Content starts

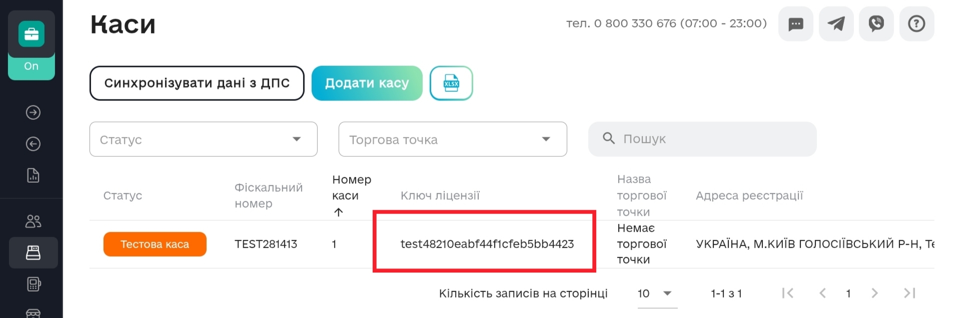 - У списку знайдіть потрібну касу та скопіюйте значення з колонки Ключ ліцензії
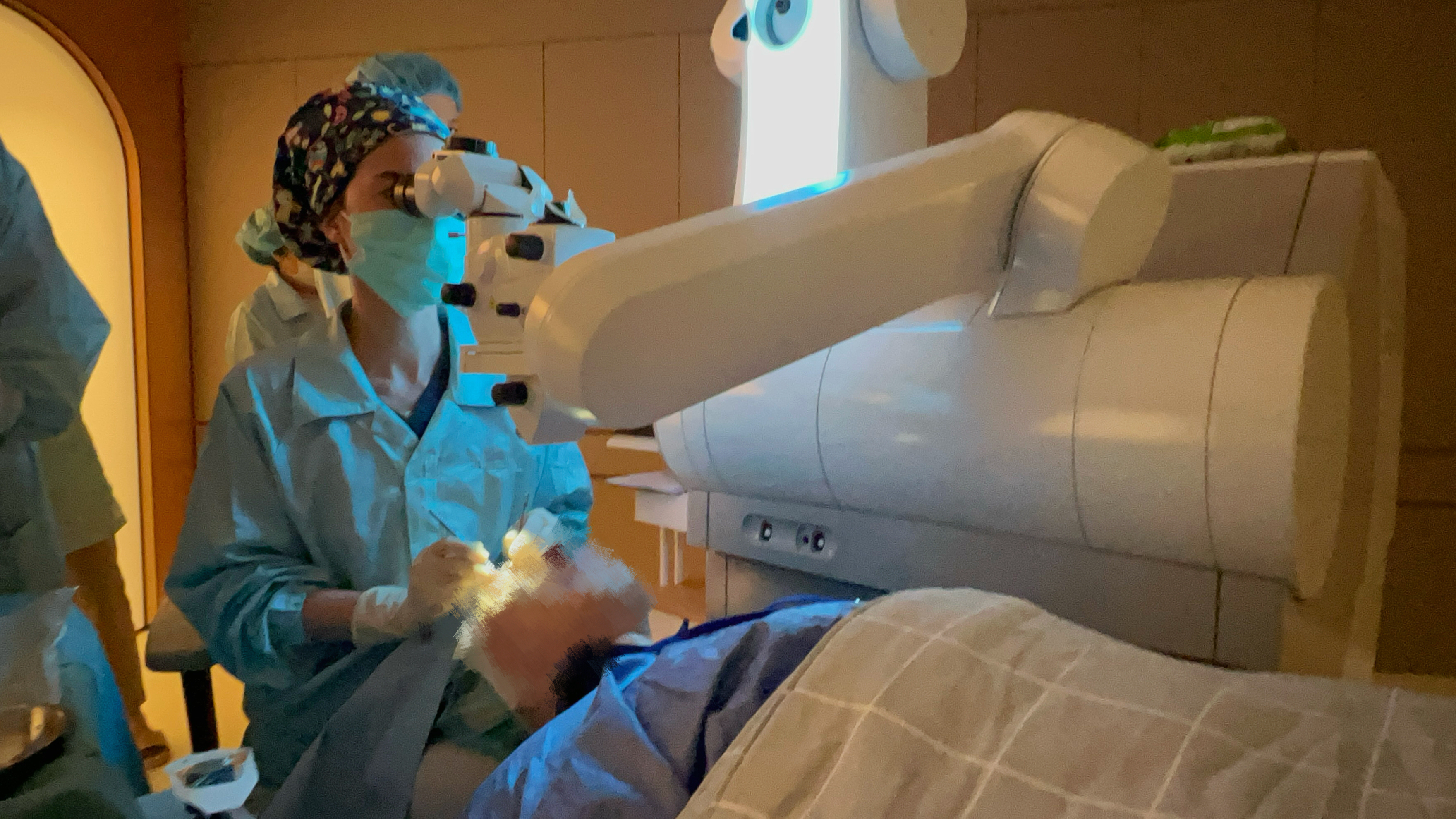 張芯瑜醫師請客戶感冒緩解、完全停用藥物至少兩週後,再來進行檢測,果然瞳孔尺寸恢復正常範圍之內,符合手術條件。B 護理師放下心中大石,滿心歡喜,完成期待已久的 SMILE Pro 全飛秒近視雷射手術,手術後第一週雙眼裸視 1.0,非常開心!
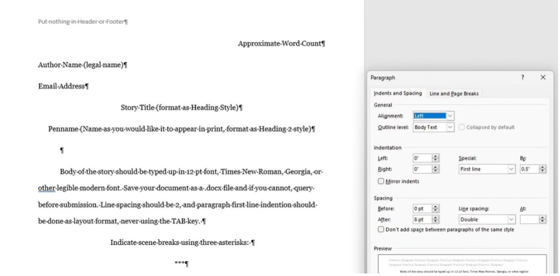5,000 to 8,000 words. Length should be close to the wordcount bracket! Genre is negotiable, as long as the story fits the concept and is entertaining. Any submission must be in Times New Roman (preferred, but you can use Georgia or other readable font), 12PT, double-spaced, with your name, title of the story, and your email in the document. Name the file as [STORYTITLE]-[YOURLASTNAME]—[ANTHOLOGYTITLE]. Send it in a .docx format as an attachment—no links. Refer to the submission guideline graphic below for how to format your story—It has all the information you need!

Content ends

▶ What is needed:
Reproduce the listing exactly, but keep its images out of the copy.

▶ Answer area:
 - У списку знайдіть потрібну касу та скопіюйте значення з колонки Ключ ліцензії
 張芯瑜醫師請客戶感冒緩解、完全停用藥物至少兩週後,再來進行檢測,果然瞳孔尺寸恢復正常範圍之內,符合手術條件。B 護理師放下心中大石,滿心歡喜,完成期待已久的 SMILE Pro 全飛秒近視雷射手術,手術後第一週雙眼裸視 1.0,非常開心!
5,000 to 8,000 words. Length should be close to the wordcount bracket! Genre is negotiable, as long as the story fits the concept and is entertaining. Any submission must be in Times New Roman (preferred, but you can use Georgia or other readable font), 12PT, double-spaced, with your name, title of the story, and your email in the document. Name the file as [STORYTITLE]-[YOURLASTNAME]—[ANTHOLOGYTITLE]. Send it in a .docx format as an attachment—no links. Refer to the submission guideline graphic below for how to format your story—It has all the information you need!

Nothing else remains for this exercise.